So let the Chaos continue and let it settle out in its own way in its own time.

I'm no fan of Mrs. Clinton, let me tell you, and if I had my druthers, there's no way she would be allowed to run things from the White House, but I'm not in a position to do anything about that. I voted for Bernie and Stein, but my vote didn't matter in the end.

I would not, however, under ANY circumstances, vote for or support Mr. Trump and his band of thieves and mountebanks. Never. Much as I don't want Mrs. Clinton in the White House  (again), I don't want him anywhere near it.

What I've seen is that the Democratic nomenklatura has almost all lined up in support of Trump's ascendancy. They have made their peace with what is to come and appear to be looking forward to another four years of bashing away at their political rivals. It's what they do. It's essentially all they do: hold the Rs up to ridicule and promote fear. They have shown that they have little or no interest in serving the People. They are instead the Peanut Gallery, booing the Bad Guys. That's where they want to be. That's where they are comfortable.

At the present time, they seem to have no interest in winning elections, either.

If I had my druthers, I'd RICO both major parties into oblivion. But that's not my choice to have, and we live with what we've got.

That's a mess.

One of the clarifying factors to emerge from the chaos so far is that all the hooey from both Trump and Clinton about "rigged elections" and "foreign interference" prior to Nov 8 has suddenly become "inoperative." They now both deny there is any evidence of rigging or foreign interference, despite their absolute certainty of it prior to Election Day. For a good long time after Election Day, there was no mention of it at all. As if, with a wave of the hand, all these accusations of electoral fraud and foreign interference made by both candidates could be made to go away as if by magic.

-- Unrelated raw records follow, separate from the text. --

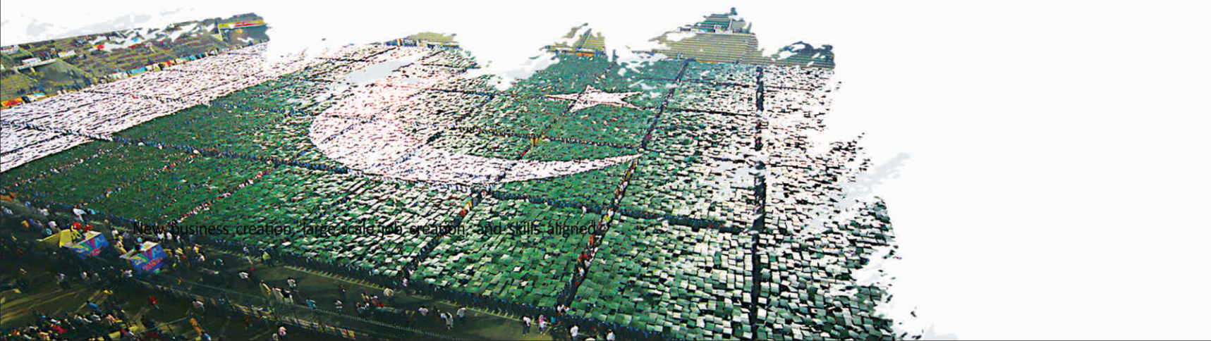
New business creation, large scale job creation, and skills aligned
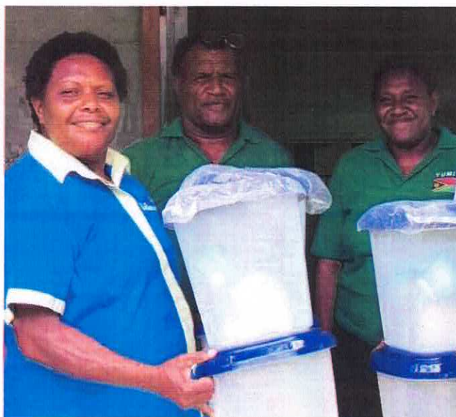
Malampa Skills Centre staff donating water filters to flood affected communities and a primary school in Central Malekula in February 2021.
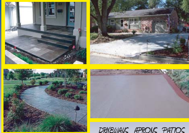
DRIVEWAYS APRONS PATIOS SIDEWALKS FRONT PORCHES STOOPS CURBS

You can count on our concrete experts to make your new concrete functional and beautiful. Why deal with crumbling, cracked and shifted surfaces that detract from the rest of your property and create hazardous conditions. New concrete will transform your property with an updated, clean, and maintained look that is sure to improve the curb appeal.
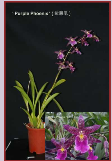
AJU-003 Gdlra. Aztec ' Purple Phoenix '
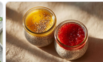
Chia pudding with jam
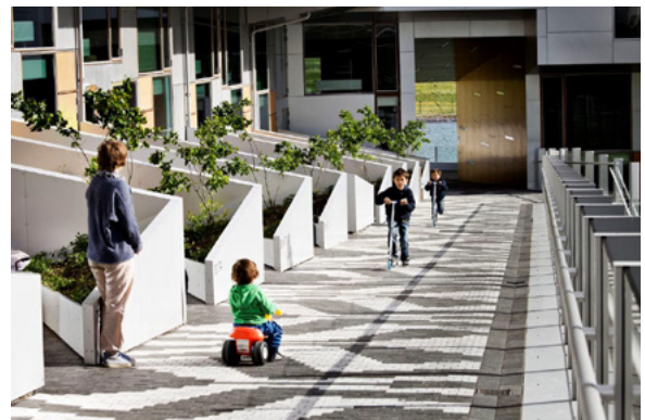
Not every unit in 8 House is exactly the same. 'No doubt it would be simpler to repeat the same apartment, but there is a quality in diversity,' Bjarke Ingels says. Image by Hayes Davidson TY Stange.
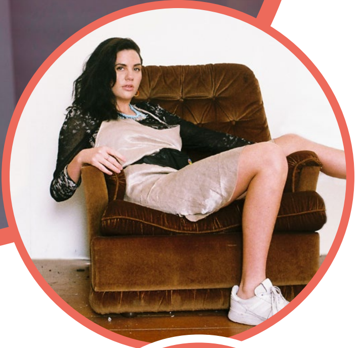
These pages: Comfort and a street-smart edge shine through in outfits from Inky Cat's Colour Me collection.

Anderson's first collection, created as part of her final-year project, was named Colour Me. She showcased the colourful, easy-wear summer range in November 2017 during a fashion show she masterminded at Auckland's Studio One – Toi Tū gallery.
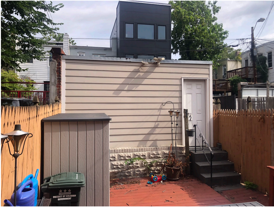
EXISTING ONE-STORY GARAGE(VIEW FROM REAR YARD)
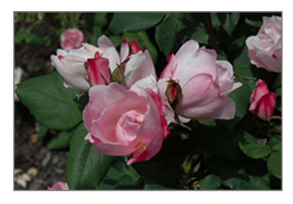
Blushing Knock Out Rose flowers
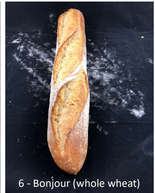
6 - Bonjour (whole wheat)
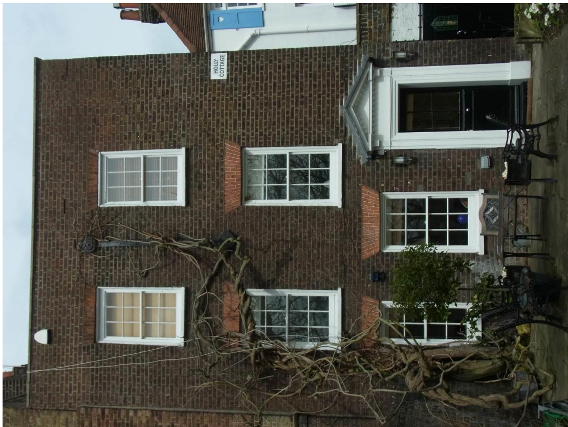
The Mount, street elevation
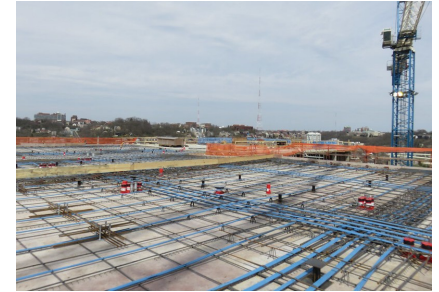
Prepping for Concrete
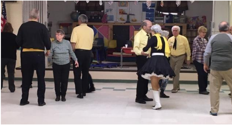
Black & Gold Dance
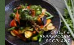
CHILLI & PEPPERCORN EGGPLANT
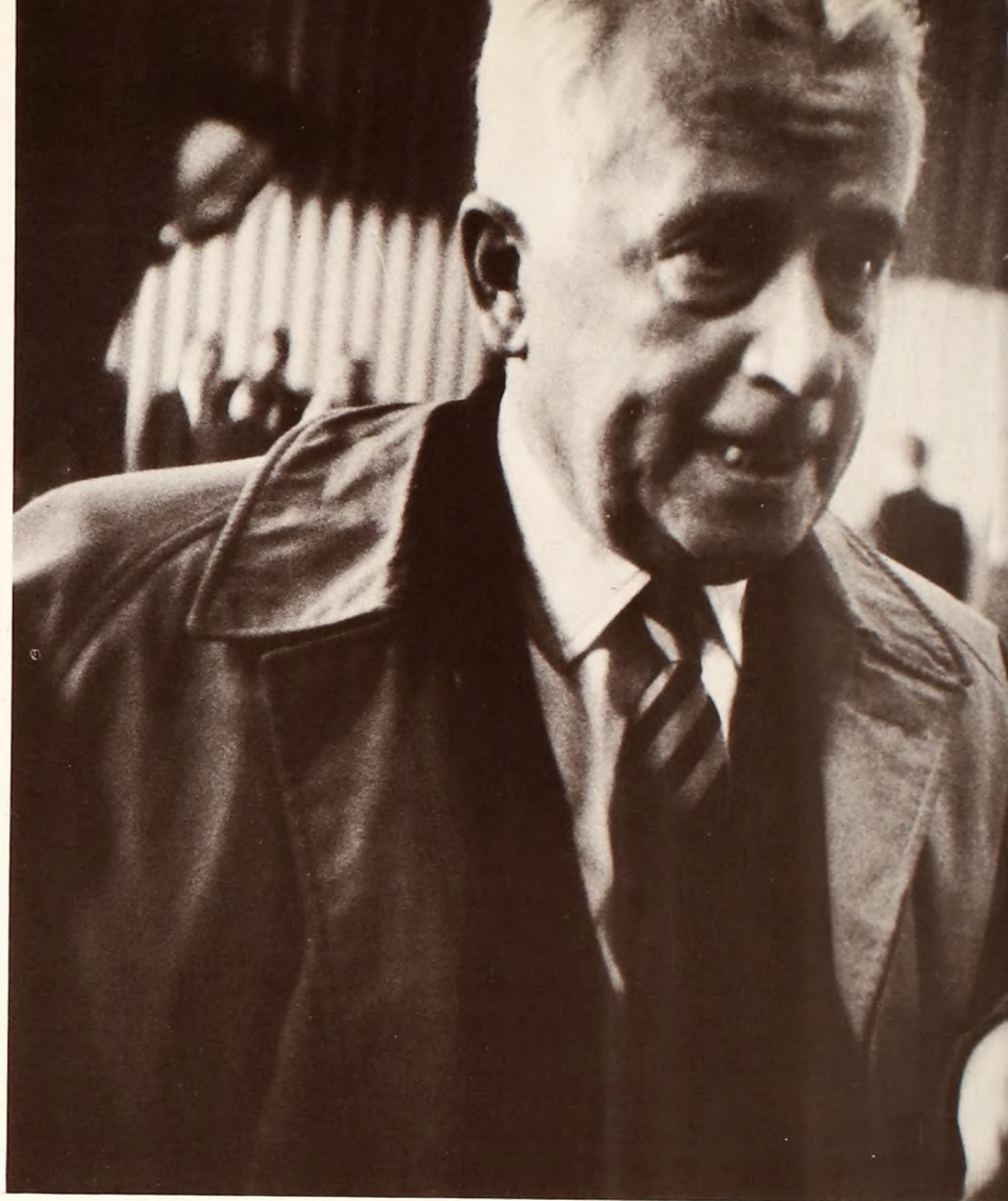
KENNETH KEATING, New York State Senator, addressed the College in September. Politics mixed with good "hoss sense" spurred the students to a standing ovation for the Senator.

Well no. What they did was open a Pandora's Box which cannot be shut again -- though they are trying like mad to do so. What they did was expose how screwed up and vulnerable our electoral process is. People can't unhear or unsee it. And what Dr. Stein has done is open it to view by anyone who cares to look... Ooops. Maybe the candidates should have been a little more careful in what they said, but it's too late now, isn't it? I've said that Trump sowed the wind and will reap the whirlwind, but I think that goes for Mrs. Clinton as well. Indeed, we could witness something much more profound than the routine delegitimization of the Other Party's rule.

Huh.











Saturday, November 26, 2016

Shock Doctrinaire

[I have a juvenile black cat sprawled across my lap, so it's a little hard to type. Oxygen is flowing into my nose from my chair-sized concentrator though, so that's good. I think. We'll get to that -- maybe -- another time...]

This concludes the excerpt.